(Records from a data source)
────────────────────────────────────────

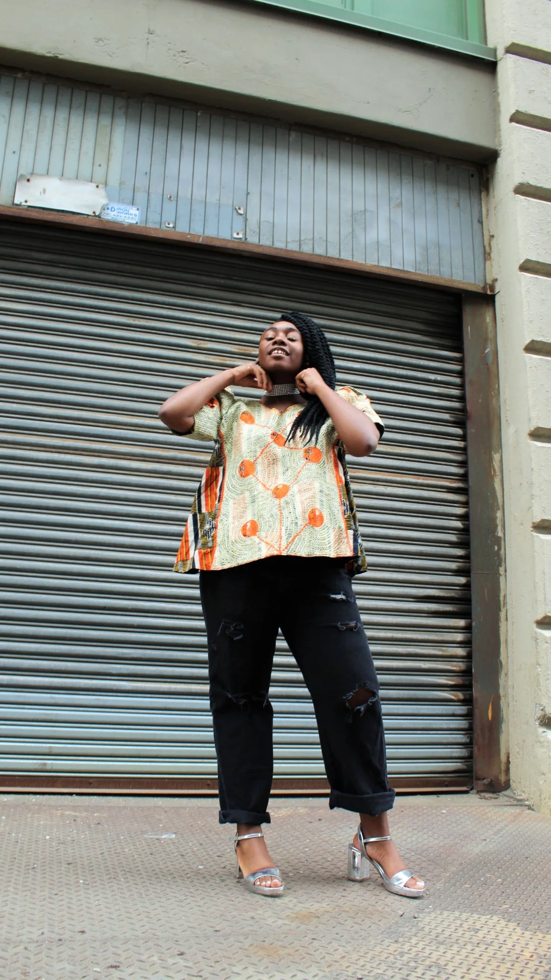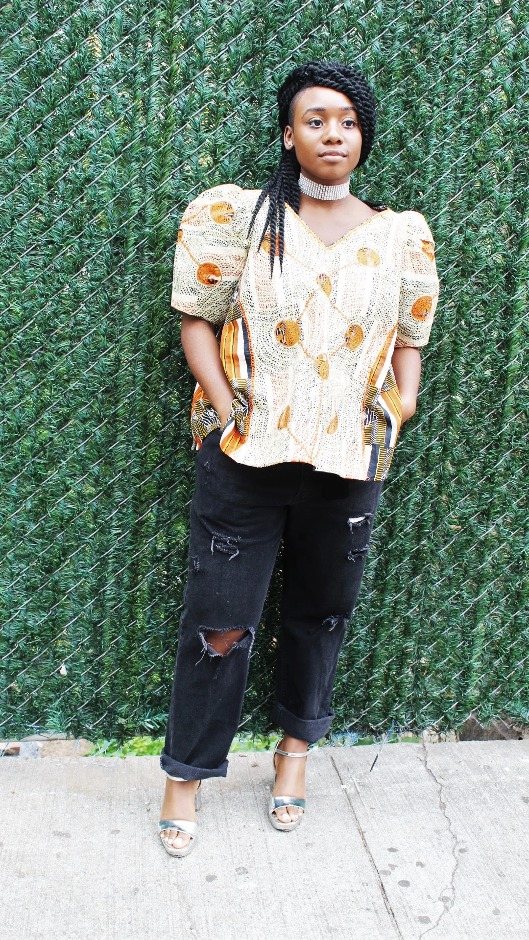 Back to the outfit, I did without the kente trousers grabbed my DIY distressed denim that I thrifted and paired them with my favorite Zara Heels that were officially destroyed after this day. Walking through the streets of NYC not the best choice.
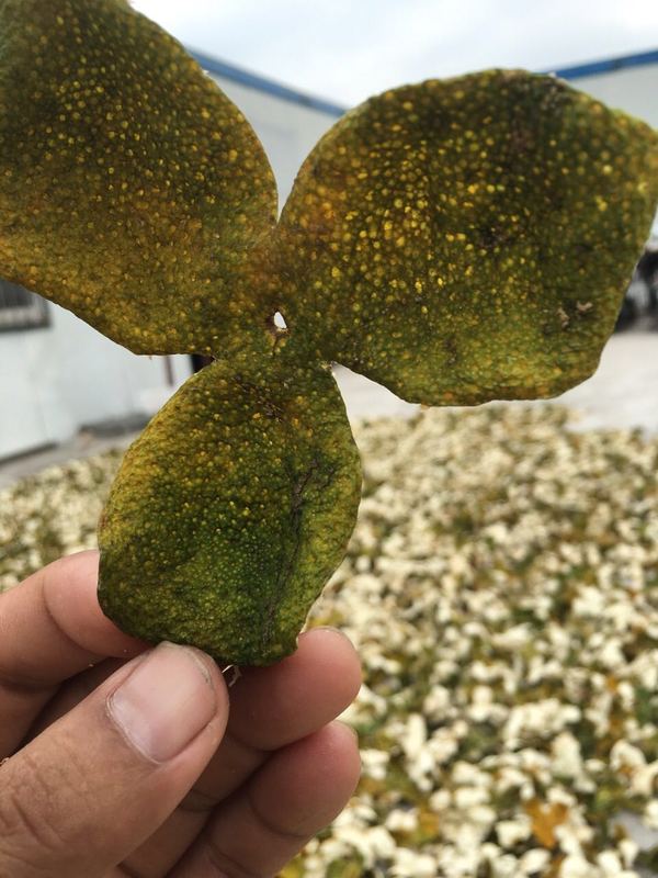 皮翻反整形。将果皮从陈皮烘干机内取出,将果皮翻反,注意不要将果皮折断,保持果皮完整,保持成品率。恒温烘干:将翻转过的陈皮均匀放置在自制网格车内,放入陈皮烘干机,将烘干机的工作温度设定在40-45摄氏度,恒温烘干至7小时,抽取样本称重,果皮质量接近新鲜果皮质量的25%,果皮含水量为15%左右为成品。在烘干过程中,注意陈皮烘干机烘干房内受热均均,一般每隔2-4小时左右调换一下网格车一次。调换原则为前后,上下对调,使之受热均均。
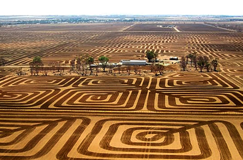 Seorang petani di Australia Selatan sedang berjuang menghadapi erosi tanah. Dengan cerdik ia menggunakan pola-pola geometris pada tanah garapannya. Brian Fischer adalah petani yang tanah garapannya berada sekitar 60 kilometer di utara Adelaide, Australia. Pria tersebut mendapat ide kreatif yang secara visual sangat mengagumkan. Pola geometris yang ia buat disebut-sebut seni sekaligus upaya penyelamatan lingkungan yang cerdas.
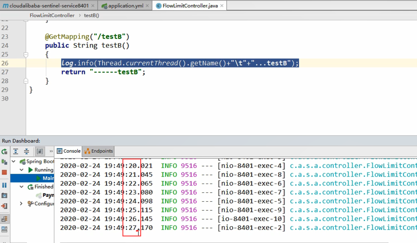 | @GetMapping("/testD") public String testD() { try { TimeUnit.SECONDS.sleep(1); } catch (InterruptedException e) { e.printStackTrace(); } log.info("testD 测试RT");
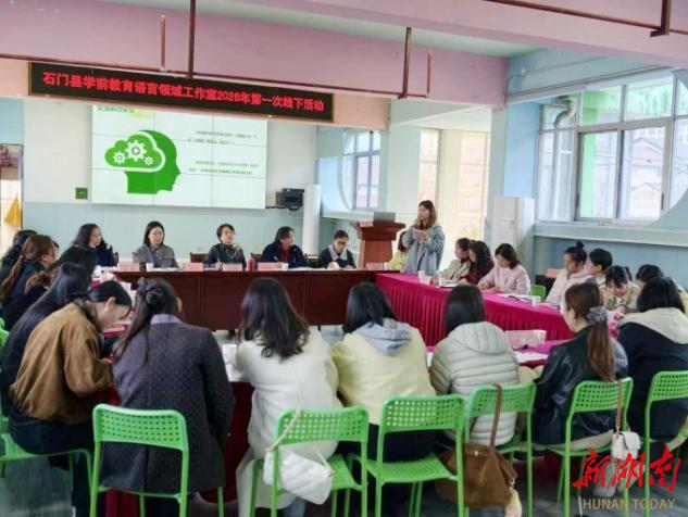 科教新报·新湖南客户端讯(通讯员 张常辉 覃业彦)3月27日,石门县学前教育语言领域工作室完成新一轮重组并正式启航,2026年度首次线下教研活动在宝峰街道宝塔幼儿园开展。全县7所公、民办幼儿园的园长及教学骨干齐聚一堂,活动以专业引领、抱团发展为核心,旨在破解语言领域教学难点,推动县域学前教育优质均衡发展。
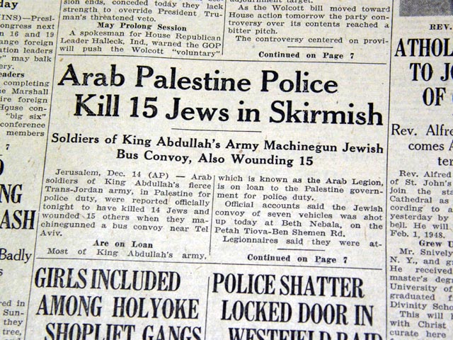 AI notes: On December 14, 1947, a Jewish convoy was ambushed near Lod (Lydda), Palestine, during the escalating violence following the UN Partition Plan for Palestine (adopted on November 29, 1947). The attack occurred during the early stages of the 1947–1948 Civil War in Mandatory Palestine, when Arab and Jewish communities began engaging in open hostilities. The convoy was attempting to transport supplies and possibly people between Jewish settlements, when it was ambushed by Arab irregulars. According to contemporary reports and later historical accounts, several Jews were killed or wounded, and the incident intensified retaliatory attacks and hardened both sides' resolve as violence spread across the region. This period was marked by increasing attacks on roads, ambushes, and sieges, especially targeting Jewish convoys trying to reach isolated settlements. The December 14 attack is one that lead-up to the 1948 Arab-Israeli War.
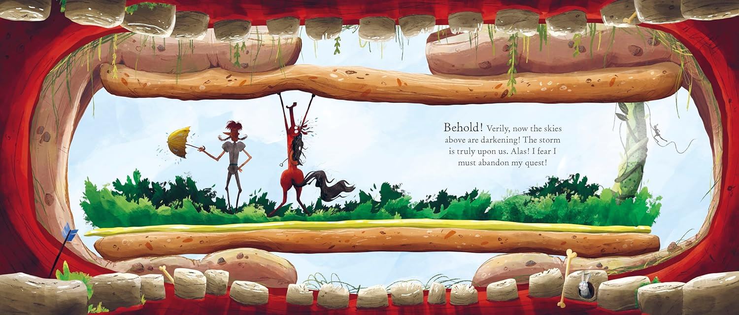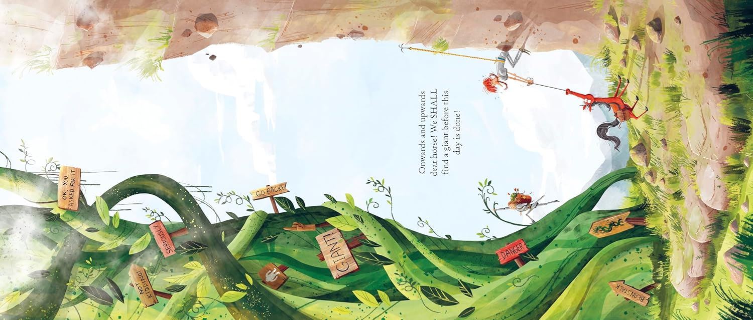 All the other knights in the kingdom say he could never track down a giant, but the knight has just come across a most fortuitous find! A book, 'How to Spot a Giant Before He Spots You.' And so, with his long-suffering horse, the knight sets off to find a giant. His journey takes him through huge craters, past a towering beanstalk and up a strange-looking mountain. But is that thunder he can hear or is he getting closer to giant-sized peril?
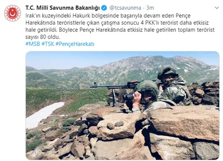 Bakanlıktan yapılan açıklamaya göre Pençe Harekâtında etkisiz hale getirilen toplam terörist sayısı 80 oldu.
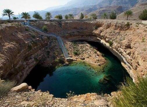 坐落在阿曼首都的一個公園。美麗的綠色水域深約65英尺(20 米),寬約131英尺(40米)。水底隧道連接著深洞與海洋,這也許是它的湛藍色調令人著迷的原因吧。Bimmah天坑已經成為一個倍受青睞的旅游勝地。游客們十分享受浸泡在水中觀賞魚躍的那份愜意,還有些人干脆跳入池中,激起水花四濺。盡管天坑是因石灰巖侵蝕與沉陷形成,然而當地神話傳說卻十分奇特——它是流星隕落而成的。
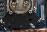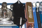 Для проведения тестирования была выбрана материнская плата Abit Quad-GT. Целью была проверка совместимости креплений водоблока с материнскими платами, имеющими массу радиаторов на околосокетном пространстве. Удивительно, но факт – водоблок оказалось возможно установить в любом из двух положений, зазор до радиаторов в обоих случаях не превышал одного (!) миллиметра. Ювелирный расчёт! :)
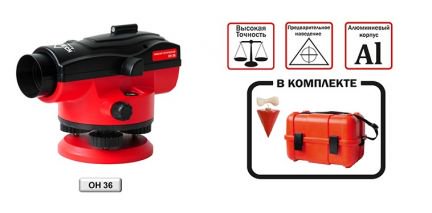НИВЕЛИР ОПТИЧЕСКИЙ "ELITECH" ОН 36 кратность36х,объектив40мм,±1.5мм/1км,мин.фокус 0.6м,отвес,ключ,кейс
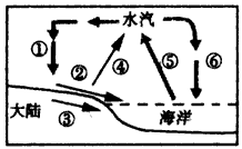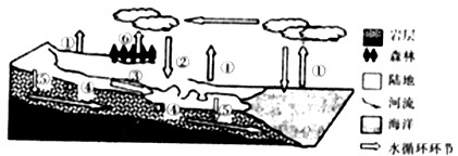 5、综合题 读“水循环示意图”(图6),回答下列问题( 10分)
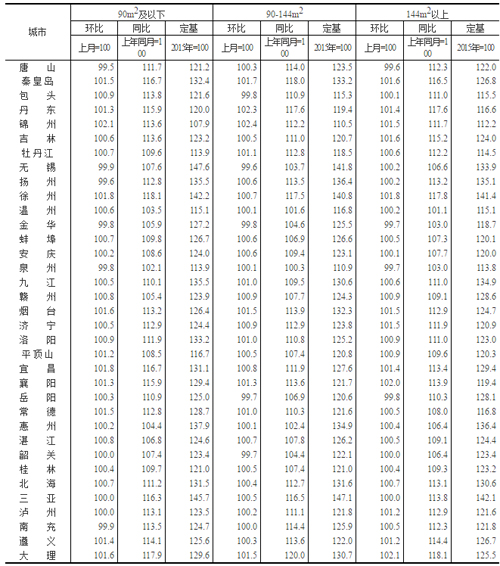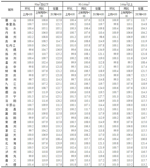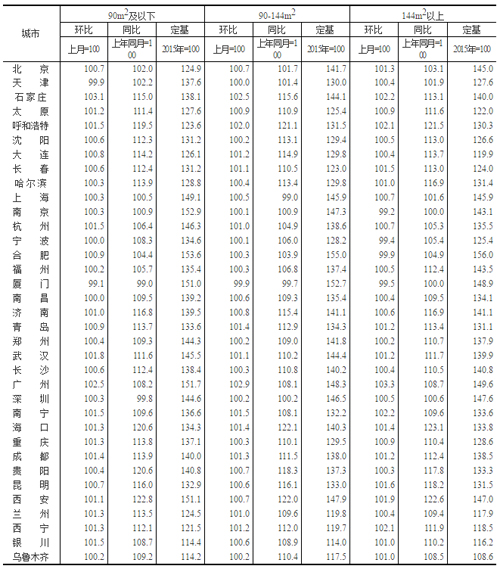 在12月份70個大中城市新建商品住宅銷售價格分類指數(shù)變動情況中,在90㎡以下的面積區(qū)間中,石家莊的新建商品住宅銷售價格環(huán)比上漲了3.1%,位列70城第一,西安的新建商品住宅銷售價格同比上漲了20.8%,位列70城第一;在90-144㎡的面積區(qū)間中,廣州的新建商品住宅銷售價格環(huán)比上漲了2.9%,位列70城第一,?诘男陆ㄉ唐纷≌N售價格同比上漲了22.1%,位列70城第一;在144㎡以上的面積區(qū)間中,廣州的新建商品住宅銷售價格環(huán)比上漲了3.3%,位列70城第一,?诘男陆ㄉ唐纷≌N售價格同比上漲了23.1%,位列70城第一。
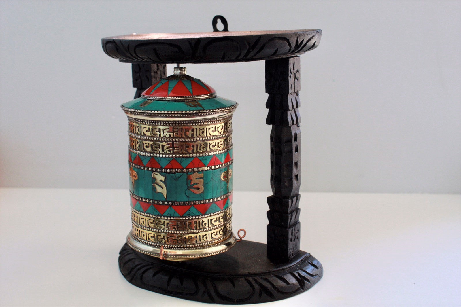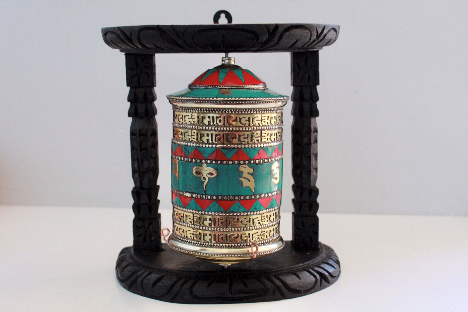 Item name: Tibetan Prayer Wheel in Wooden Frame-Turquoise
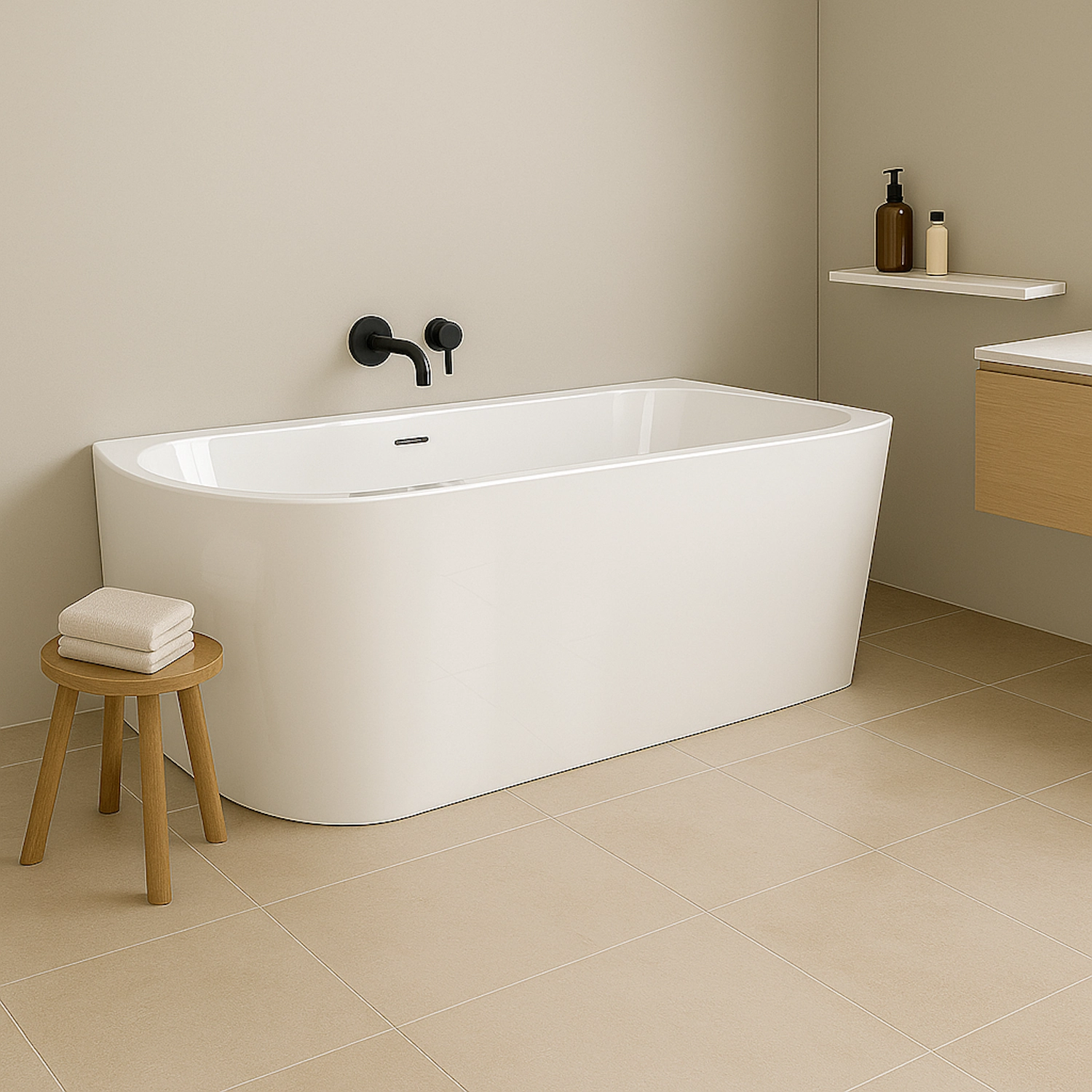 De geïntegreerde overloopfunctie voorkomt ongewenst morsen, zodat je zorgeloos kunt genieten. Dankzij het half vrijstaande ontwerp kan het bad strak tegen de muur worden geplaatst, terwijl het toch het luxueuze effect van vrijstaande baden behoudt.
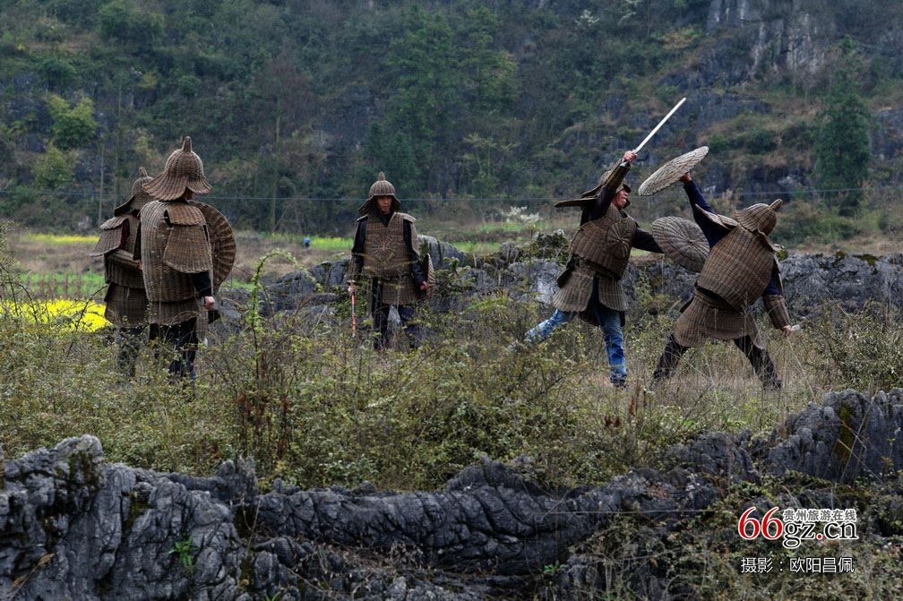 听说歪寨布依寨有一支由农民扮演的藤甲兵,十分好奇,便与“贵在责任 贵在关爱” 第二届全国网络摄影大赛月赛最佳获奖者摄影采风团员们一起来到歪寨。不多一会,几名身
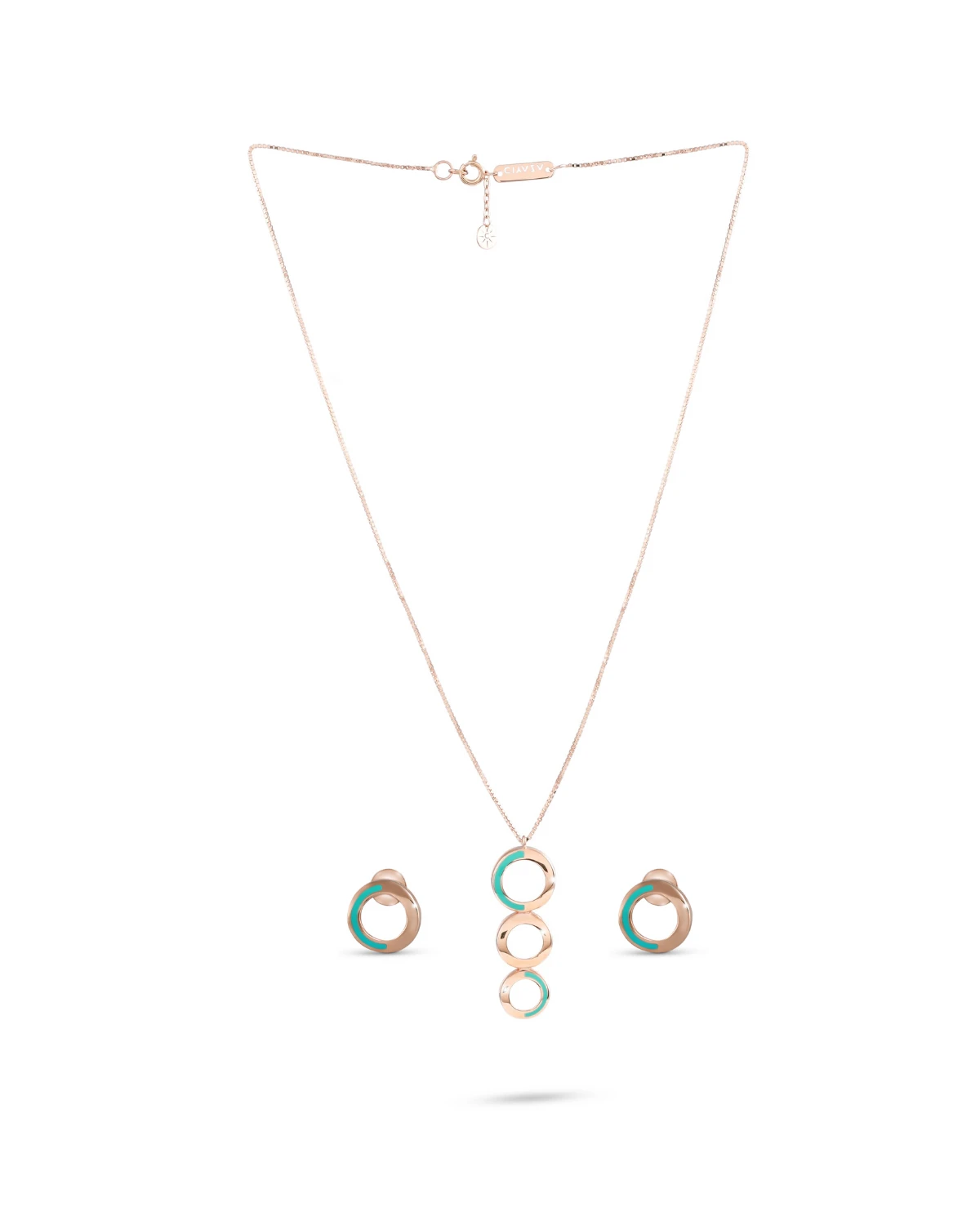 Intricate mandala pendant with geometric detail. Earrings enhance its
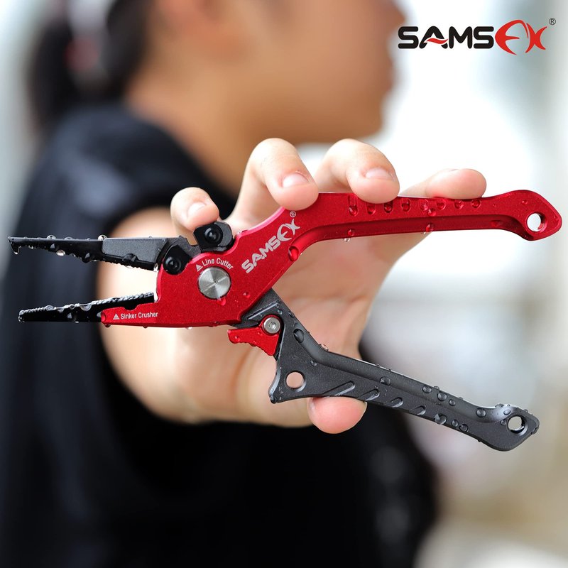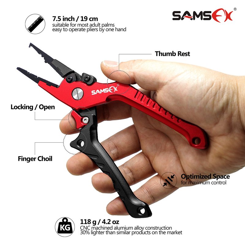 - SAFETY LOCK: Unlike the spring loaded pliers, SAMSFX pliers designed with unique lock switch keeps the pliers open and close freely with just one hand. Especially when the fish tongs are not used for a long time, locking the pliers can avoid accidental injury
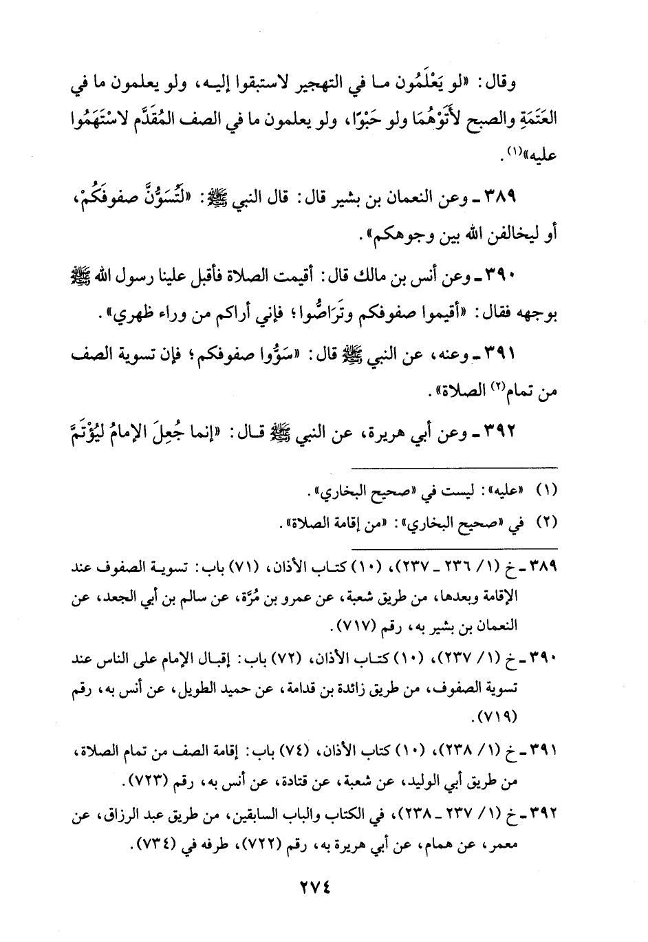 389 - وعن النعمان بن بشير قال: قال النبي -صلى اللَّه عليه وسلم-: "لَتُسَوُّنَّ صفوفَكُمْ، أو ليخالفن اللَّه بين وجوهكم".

────────────────────────────────────────

_What to produce:_ Write the lines from the one with "Item name: Tibetan" through the last line of the entries out again exactly, both ends included, and skip the pictures.

_Task response:_
 Item name: Tibetan Prayer Wheel in Wooden Frame-Turquoise
 De geïntegreerde overloopfunctie voorkomt ongewenst morsen, zodat je zorgeloos kunt genieten. Dankzij het half vrijstaande ontwerp kan het bad strak tegen de muur worden geplaatst, terwijl het toch het luxueuze effect van vrijstaande baden behoudt.
 听说歪寨布依寨有一支由农民扮演的藤甲兵,十分好奇,便与“贵在责任 贵在关爱” 第二届全国网络摄影大赛月赛最佳获奖者摄影采风团员们一起来到歪寨。不多一会,几名身
 Intricate mandala pendant with geometric detail. Earrings enhance its
 - SAFETY LOCK: Unlike the spring loaded pliers, SAMSFX pliers designed with unique lock switch keeps the pliers open and close freely with just one hand. Especially when the fish tongs are not used for a long time, locking the pliers can avoid accidental injury
 389 - وعن النعمان بن بشير قال: قال النبي -صلى اللَّه عليه وسلم-: "لَتُسَوُّنَّ صفوفَكُمْ، أو ليخالفن اللَّه بين وجوهكم".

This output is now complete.